Friday, February 12, 2010

Trouble at the Fed

Writes Antony P. Mueller, an adjunct scholar at the Mises Institute:
Bernanke's challenge resembles the task at which the Gosplan of the Soviet Union failed. In most of the so-called "capitalist economies," modern central banks are supposed to accomplish a similar task: to make the economy and employment grow, to finance wars and fight depressions, to supervise and regulate financial markets, and all along to guarantee "price stability." In order to grapple with such a superhuman challenge, the Fed staff make up one model after another, only to have them each be immediately falsified by new data. As a consequence of this confusion, each erroneous policy measure is followed by the next.

Ben Bernanke is too much of a good guy to practice the art of deceit in the cynical way that is necessary for deception to work on a grand scale. His predecessor at the helm of the US central bank, Alan Greenspan, at least knew that central banking is not a science but a kind of show business whose very nature is the pretence of knowledge.

There is no solution to Bernanke's manifold dilemmas other than to end the Fed. Economies are too complex to be handled by a central authority. This lesson was learnt by the central planners of the socialist economies at a high price.

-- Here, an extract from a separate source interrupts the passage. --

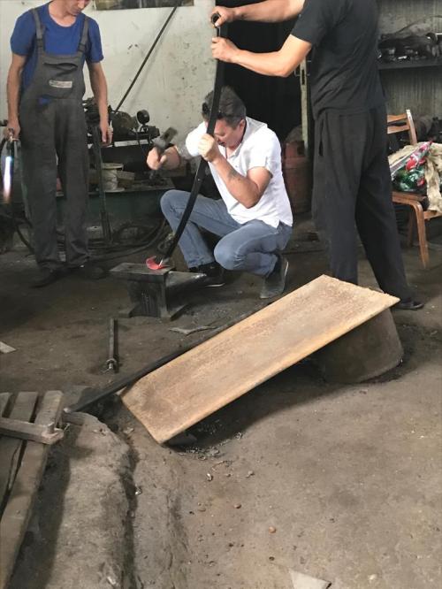 Vrijdag pakken we alles in en gaan met de taxi naar Toyota. Opgelucht dat de auto klaar is! We betalen en nemen afscheid. Bij het hotel bouwt Joost alles weer terug rondom de kachel, en we ruimen de auto in. Flink boodschappen doen en off we go! Ik heb al diverse pogingen gedaan om een plek te vinden waar we propaan kunnen scoren, maar alleen LPG kunnen we vinden. Ineens ziet Joost zijn scherpe oog een banner met propaanflessen er op en in de schuur staat een tankwagen geparkeerd. Dat zoeken we! Ik bel het nummer en even later arriveert een jonge man die geroutineerd onze fles pakt en ‘m begint te vullen. Hopsa. Ook gelukt. Even later worden we aangehouden omdat we geen licht aan hebben. Moest dat dan in Kirgizië?? Was ons nog niet opgevallen. Gelukkig kletst Joost ons er uit. In de bergen worden we nog een keer aangehouden. Dit blijkt een notoir stuk te zijn waar je maar 60 mag. De agent wil 1000 som (13 Euro). Als ik zeg dat we een bonnetje willen wordt het ineens 500. Voor een echte bon heeft hij onze papieren nodig. Daar hebben we geen trek in, dus we betalen maar. Hij zegt nog tegen Joost: “OK?”, Joost: “Not OK messing with tourists!”. We willen een mooie offroad route rijden door de bergen vlak onder Kochkor. Als we een stukje de vallei inrijden zien we een mooi plekje aan de rivier. ’s Middags had ik al wat vette spatjes gezien op de bumper en het opstapje, maar ik wil nu even geen garage meer, dus negeerde dat. Omdat ik zoiets al eens met mijn Mini heb meegemaakt, voel ik toch even met mijn vingers onder de stootbalk. Ja hoor, olie. Sodeju!!! Joost springt in de overall en onder de auto. Inderdaad, differentieel, reservewiel en uitlaat onder de olie. Niet goed. We zijn 250km van Bishkek maar besluiten direct terug te gaan. In Kochkor hebben we bereik en bellen Mirlan. Hij belooft ons op te wachten om 22.30 uur zodat we op het terrein kunnen overnachten. De rit is inspannend, grotendeels in het donker. We komen veilig bij Toyota aan en direct duiken er twee monteurs onder de auto. Nu even niet! We installeren ons op het terrein en nemen een biertje. Het is nog 30 graden, dus slapen gaat niet erg fantastisch. De volgende morgen komt de Master monteur direct op ons af, we krijgen een roombroodje. Het is “normalna” want de vloeibare pakking was waarschijnlijk niet goed uitgehard. Ach, ik zal jullie de rest besparen, maar we hebben nog de hele dag bij Toyota gezeten. Ze balen er behoorlijk van dus controleren nu alles extra goed. Joost communiceert er lustig op los met de monteurs via een vertaal-app, erg grappig. ’s Middags komt Peter nog weer langs. Ook hij moet wachten op onderdelen en slaapt in het hotel waar wij eerder zaten. Dat reserveer ik ook maar weer zodat we gezellig samen kunnen optrekken. Het duurt dus nog tot 19.30 uur voordat echt alles gecontroleerd is na een korte proefrit en inspectie op de brug. De Master mechanic is tevreden en dus wij ook. Snel naar het hotel, douchen en naar Navat met Peter.

We do not need new monetary process models, more statistics, or better scenarios. All of these are in ample supply. We do not need a more competent chairman. By conventional measures, few are better qualified for the job than Bernanke. What we need is something else: the establishment of a different kind of monetary system, one that uses competitive markets in the area of money and banking, and that eliminates the currency monopoly of the state.
The central bank's pretense of knowledge is obvious, given its manifest failure to meet its stated goals. What isn't always obvious is how much the state benefits with every run of the printing press. Politicians will keep the pretense alive until the chandeliers fall on their heads. At that point they will once again blame the free market and start over again.

Though I like Mueller's article, I'm not as generous as he is in attributing innocence to Bernanke's motives. As Mueller points out, Bernanke is one of the brightest academics around. It would be naive to believe such a person could be fooled by so crude a thesis as Friedman's monetarist explanation of the Great Depression.